昨今、凶悪な事件が報道されない日はない。
それも中学生をはじめ、若者の殺人事件が連続している。
「誰も自分に関心をもってくれないから」
「親が相談にのってくれないから」
そして・・・
「だから相手は誰でもよかった」
「親を困らせたかった」
などという動機が不思議に一致している。
報道されるのは殺人事件やバスジャックのように大きな事件だけだから、報道されない同様の事件はきっと全国で頻発しているのではないかと思う。
何とも殺伐とした世の中になったものである。
しかし翻ってみて、あの小泉政権も政治の中で全く同じようなことをしていたのではないかと思う。
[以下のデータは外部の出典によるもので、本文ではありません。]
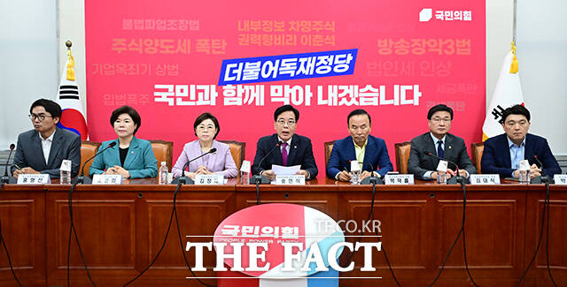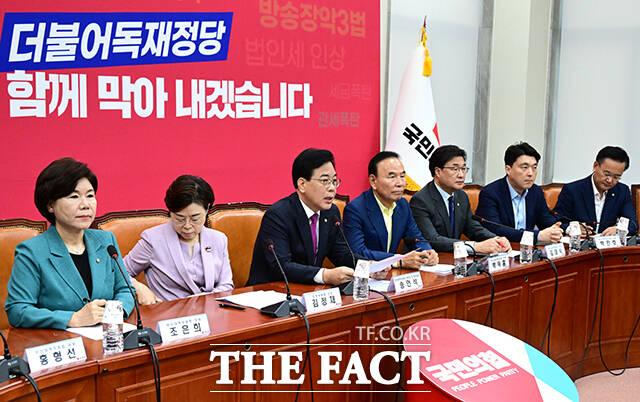 송언석 비상대책위원장은 이날 회의에서 대구·경북권 합동연설회에서 소란을 피운 전한길 씨를 겨냥해 "소란을 피우면서 당의 명예를 실추 시키고 당의 분열과 갈등을 조장하는 선동행위는 결코 용납될 수 없다"고 말했다.
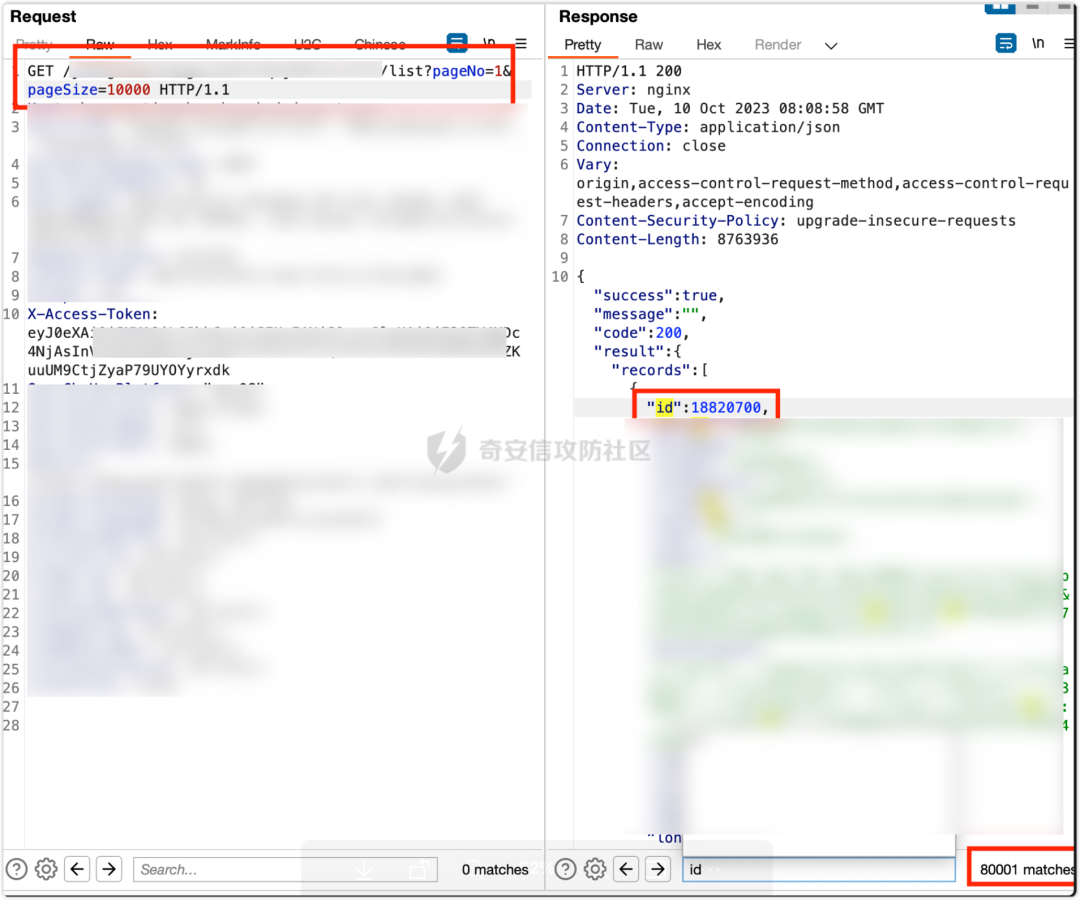 使用该JWT,通过webpack提取到的api,访问后端API,拿下大量敏感信息,达千万量级,防止burp卡死,仅列出部分

そのことがこうした社会の流れに拍車をかけたのだと思う。
即ち、当時の小泉首相は「私に反対する人はすべて抵抗勢力だ!」と決めつける発言をくり返した。
そしてあの郵政解散では「小泉流の郵政民営化」に反対した自民党議員は、そのことだけの理由で公認せず刺客と称して自分の意のままに従う新人を公認した。
そこには自分の意見に従わなければ政治生命を奪うという、すさまじいまでの強者の論理、弱い者いじめの構図がくっきりと浮かんでくる。
そのいじめの実態を生々しくTVは連日報道し、日本中が異様な雰囲気と熱気に包まれたものである。
さらにライブドアの堀江元社長を事実上公認し、自民党の看板の一人としたである。
その彼は「金さえあれば何でも手に入る。金がすべてだ」と明言していた人物である。
あれからまもなく丸3年である。
「郵政民営化さえすれば経済は活性化し税収が増え、財政は改善し増税する必要がなくなり、明るい豊かな国になる」という約束は一体どうなったのか。
全く正反対の日本の現状ではないか。
国民負担は増える一方で、しかも弱者をいたわる心をなくし、自分さえよければという殺伐とした社会になってきている。
こうした政治の在り方が国民とりわけ若者に対して、自分の意見に従わなければ許さないという強者の論理、弱者いじめが正当化されるかのようなメッセージを与えたのだと思う。
あの福沢諭吉は
自由の気風は「必ず反対する意見が自由に発表され、少数意見の権利が保証されるところにのみ存在する」「一つの物の考え方だけが流通しているような場合には自由な気風がない」と喝破した。
そしてまた「天は人の上に人をつくらず、人の下に人をつくらず」という名言も残した。
今や日本の社会は本来の自由の気風を失い「人の上にカネをつくり、カネの下に人をつくり」というマネー第1の社会に陥ってしまったこともまた、昨今の凶悪事件が連続して起こる背景にあるのではないかと思う。